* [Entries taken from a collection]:
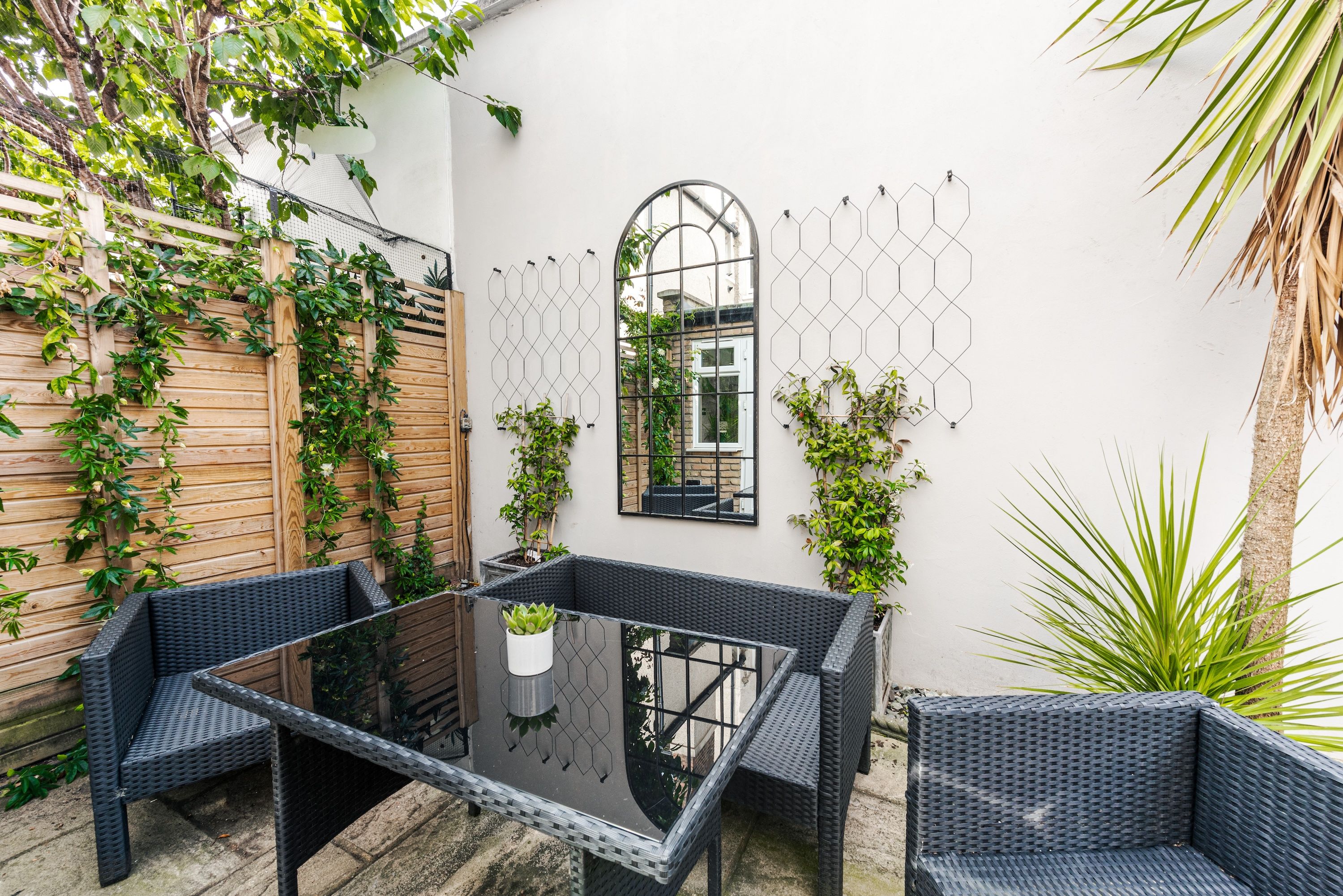 Inside, the cosy living room includes a comfy sofa, as well as lots of homey decorative touches that will have you feeling at ease from the moment you arrive. Both bedrooms are wonderfully bright and minimal so you'll have no trouble getting a restful night's sleep in the city either. But the biggest draw is, of course, your private outside space, complete with garden furniture so you can sit back with your morning coffee and plan for your day ahead in the English capital.
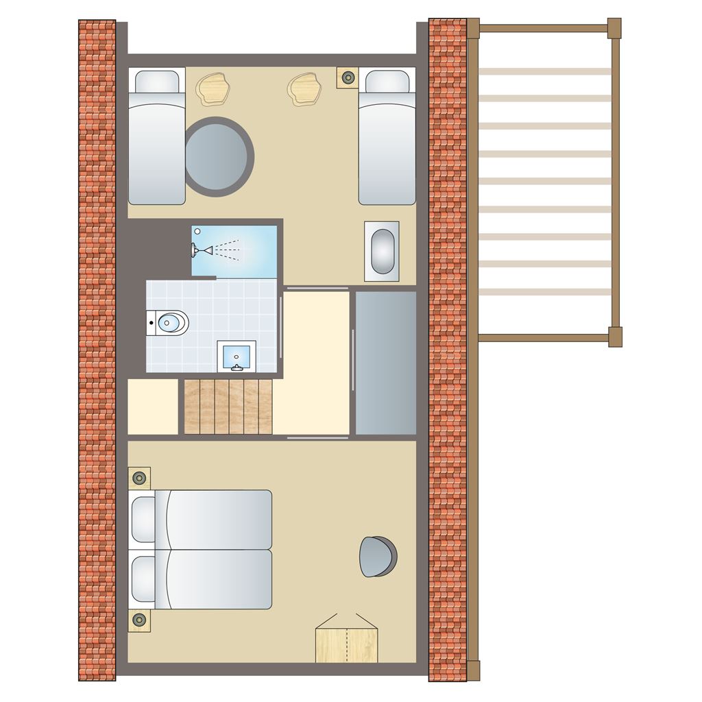 - Kinderspiel-/schlafzimmer mit zwei Juniorbetten auf der ersten Etage
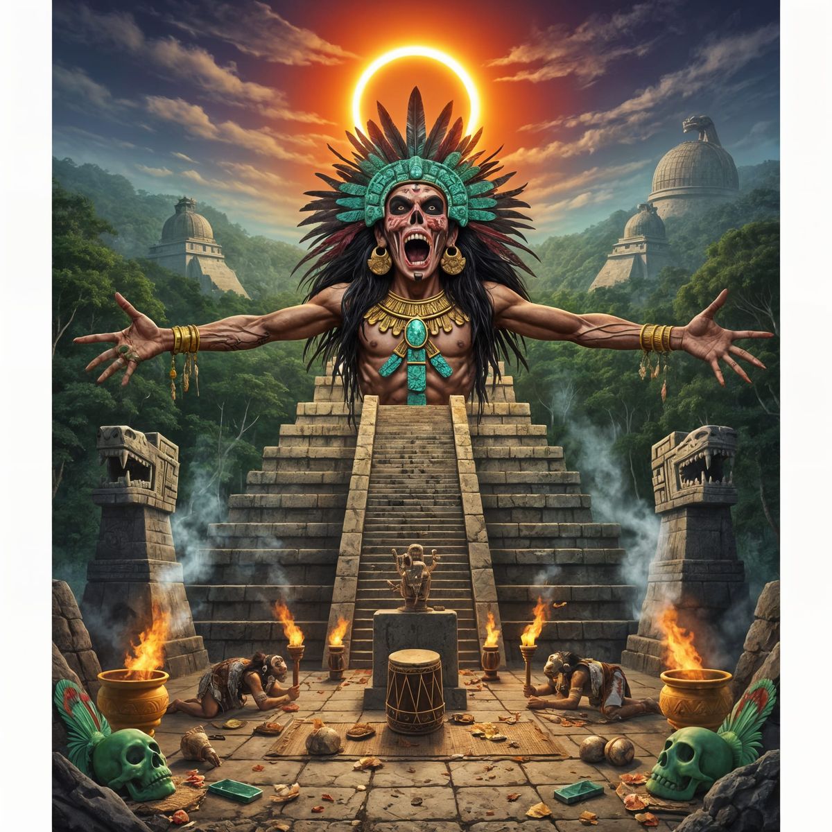 Hyperrealistic airbrushed illustration of Mictlantecuhtli on a blood-stepped pyramid during a solar eclipse. Dramatic lighting highlights jade inlays, obsidian teeth, and ceremonial details.
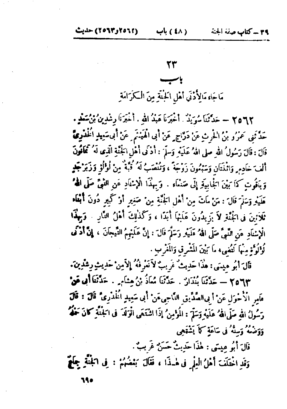 2563 - حَدَّثَنَا بُنْدَارٌ قَالَ: حَدَّثَنَا مُعَاذُ بْنُ هِشَامٍ قَالَ: حَدَّثَنَا أَبِي، عَنْ عَامِرٍ الأَحْوَلِ، عَنْ أَبِي الصِّدِّيقِ النَّاجِيِّ، عَنْ أَبِي سَعِيدٍ الخُدْرِيِّ، قَالَ: قَالَ رَسُولُ اللَّهِ صَلَّى اللَّهُ عَلَيْهِ وَسَلَّمَ: «§المُؤْمِنُ إِذَا اشْتَهَى الوَلَدَ فِي الجَنَّةِ كَانَ حَمْلُهُ وَوَضْعُهُ وَسِنُّهُ فِي سَاعَةٍ كَمَا يَشْتَهِي»: " هَذَا حَدِيثٌ حَسَنٌ غَرِيبٌ، وَقَدْ اخْتَلَفَ أَهْلُ العِلْمِ فِي هَذَا، فَقَالَ بَعْضُهُمْ: فِي الجَنَّةِ جِمَاعٌ -[696]- وَلَا يَكُونُ وَلَدٌ هَكَذَا رُوِيَ عَنْ طَاوُسٍ، وَمُجَاهِدٍ، وَإِبْرَاهِيمَ النَّخَعِيِّ " وقَالَ مُحَمَّدٌ، قَالَ إِسْحَاقُ بْنُ إِبْرَاهِيمَ، فِي حَدِيثِ النَّبِيِّ صَلَّى اللَّهُ عَلَيْهِ وَسَلَّمَ: «إِذَا اشْتَهَى المُؤْمِنُ الوَلَدَ فِي الجَنَّةِ كَانَ فِي سَاعَةٍ وَاحِدَةٍ كَمَا يَشْتَهِي وَلَكِنْ لَا يَشْتَهِي» قَالَ مُحَمَّدٌ: وَقَدْ رُوِيَ عَنْ أَبِي رَزِينٍ العُقَيْلِيِّ، عَنِ النَّبِيِّ صَلَّى اللَّهُ عَلَيْهِ وَسَلَّمَ قَالَ: «إِنَّ أَهْلَ الجَنَّةِ لَا يَكُونُ لَهُمْ فِيهَا وَلَدٌ»، " وَأَبُو الصِّدِّيقِ النَّاجِيِّ اسْمُهُ: بَكْرُ بْنُ عَمْرٍو وَيُقَالُ: بَكْرُ بْنُ قَيْسٍ أَيْضًا "
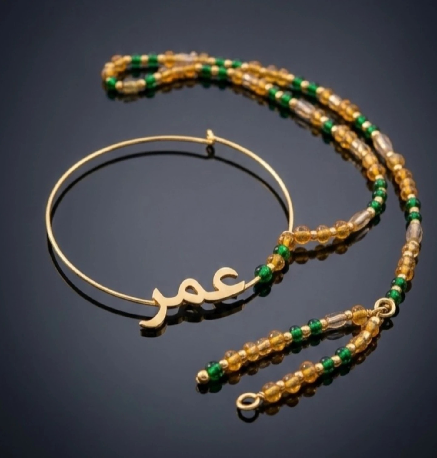 Bold, colorful, and completely yours. The Diloze Signature Arabic Name Nath features your chosen name in clean, raised Arabic/Urdu calligraphy on a large statement gold hoop — finished with a long, vibrant beaded chain in amber and emerald tones for a rich, festive bridal look.
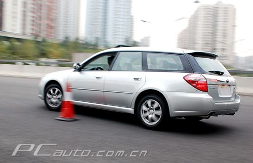 力獅2.0R裝備的EJ204型發(fā)動(dòng)機(jī),在功率上可與2.5L級(jí)別的發(fā)動(dòng)機(jī)較量,但相對而言扭矩較弱;重心的后移還是對操控產(chǎn)生了細(xì)微的影響,加上那普力斯通的RE030公路胎,令車尾在穿樁中有些飄忽。
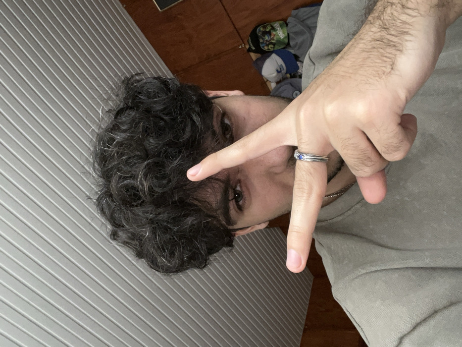 A male individual is depicted in a close-up, self-portrait photograph. He possesses dark, curly hair, light brown eyes, and visible stubble. He wears a solid grey, long-sleeved garment, likely a sweatshirt. His right hand is raised, forming a "V" shape with the index and middle fingers, partially obscuring the lower portion of his face, including his nose and mouth. A silver-toned ring, featuring a small blue stone, is worn on the ring finger of his right hand. The background consists of a light-colored, ridged ceiling on the upper left and a dark, wood-paneled wall on the right. On the wood-paneled wall, several items are visible, including what appears to be a blue and white baseball cap and a green, patterned fabric item, possibly another cap or small backpack, hung or stacked. The specific location within Pudria, Bulgaria, is not discernible from the provided visual information.

* [WORK TASK]:
Keep every word of the records above exactly, and return them with no pictures.

* [TASK RESULT]:
 Inside, the cosy living room includes a comfy sofa, as well as lots of homey decorative touches that will have you feeling at ease from the moment you arrive. Both bedrooms are wonderfully bright and minimal so you'll have no trouble getting a restful night's sleep in the city either. But the biggest draw is, of course, your private outside space, complete with garden furniture so you can sit back with your morning coffee and plan for your day ahead in the English capital.
 - Kinderspiel-/schlafzimmer mit zwei Juniorbetten auf der ersten Etage
 Hyperrealistic airbrushed illustration of Mictlantecuhtli on a blood-stepped pyramid during a solar eclipse. Dramatic lighting highlights jade inlays, obsidian teeth, and ceremonial details.
 2563 - حَدَّثَنَا بُنْدَارٌ قَالَ: حَدَّثَنَا مُعَاذُ بْنُ هِشَامٍ قَالَ: حَدَّثَنَا أَبِي، عَنْ عَامِرٍ الأَحْوَلِ، عَنْ أَبِي الصِّدِّيقِ النَّاجِيِّ، عَنْ أَبِي سَعِيدٍ الخُدْرِيِّ، قَالَ: قَالَ رَسُولُ اللَّهِ صَلَّى اللَّهُ عَلَيْهِ وَسَلَّمَ: «§المُؤْمِنُ إِذَا اشْتَهَى الوَلَدَ فِي الجَنَّةِ كَانَ حَمْلُهُ وَوَضْعُهُ وَسِنُّهُ فِي سَاعَةٍ كَمَا يَشْتَهِي»: " هَذَا حَدِيثٌ حَسَنٌ غَرِيبٌ، وَقَدْ اخْتَلَفَ أَهْلُ العِلْمِ فِي هَذَا، فَقَالَ بَعْضُهُمْ: فِي الجَنَّةِ جِمَاعٌ -[696]- وَلَا يَكُونُ وَلَدٌ هَكَذَا رُوِيَ عَنْ طَاوُسٍ، وَمُجَاهِدٍ، وَإِبْرَاهِيمَ النَّخَعِيِّ " وقَالَ مُحَمَّدٌ، قَالَ إِسْحَاقُ بْنُ إِبْرَاهِيمَ، فِي حَدِيثِ النَّبِيِّ صَلَّى اللَّهُ عَلَيْهِ وَسَلَّمَ: «إِذَا اشْتَهَى المُؤْمِنُ الوَلَدَ فِي الجَنَّةِ كَانَ فِي سَاعَةٍ وَاحِدَةٍ كَمَا يَشْتَهِي وَلَكِنْ لَا يَشْتَهِي» قَالَ مُحَمَّدٌ: وَقَدْ رُوِيَ عَنْ أَبِي رَزِينٍ العُقَيْلِيِّ، عَنِ النَّبِيِّ صَلَّى اللَّهُ عَلَيْهِ وَسَلَّمَ قَالَ: «إِنَّ أَهْلَ الجَنَّةِ لَا يَكُونُ لَهُمْ فِيهَا وَلَدٌ»، " وَأَبُو الصِّدِّيقِ النَّاجِيِّ اسْمُهُ: بَكْرُ بْنُ عَمْرٍو وَيُقَالُ: بَكْرُ بْنُ قَيْسٍ أَيْضًا "
 Bold, colorful, and completely yours. The Diloze Signature Arabic Name Nath features your chosen name in clean, raised Arabic/Urdu calligraphy on a large statement gold hoop — finished with a long, vibrant beaded chain in amber and emerald tones for a rich, festive bridal look.
 力獅2.0R裝備的EJ204型發(fā)動(dòng)機(jī),在功率上可與2.5L級(jí)別的發(fā)動(dòng)機(jī)較量,但相對而言扭矩較弱;重心的后移還是對操控產(chǎn)生了細(xì)微的影響,加上那普力斯通的RE030公路胎,令車尾在穿樁中有些飄忽。
 A male individual is depicted in a close-up, self-portrait photograph. He possesses dark, curly hair, light brown eyes, and visible stubble. He wears a solid grey, long-sleeved garment, likely a sweatshirt. His right hand is raised, forming a "V" shape with the index and middle fingers, partially obscuring the lower portion of his face, including his nose and mouth. A silver-toned ring, featuring a small blue stone, is worn on the ring finger of his right hand. The background consists of a light-colored, ridged ceiling on the upper left and a dark, wood-paneled wall on the right. On the wood-paneled wall, several items are visible, including what appears to be a blue and white baseball cap and a green, patterned fabric item, possibly another cap or small backpack, hung or stacked. The specific location within Pudria, Bulgaria, is not discernible from the provided visual information.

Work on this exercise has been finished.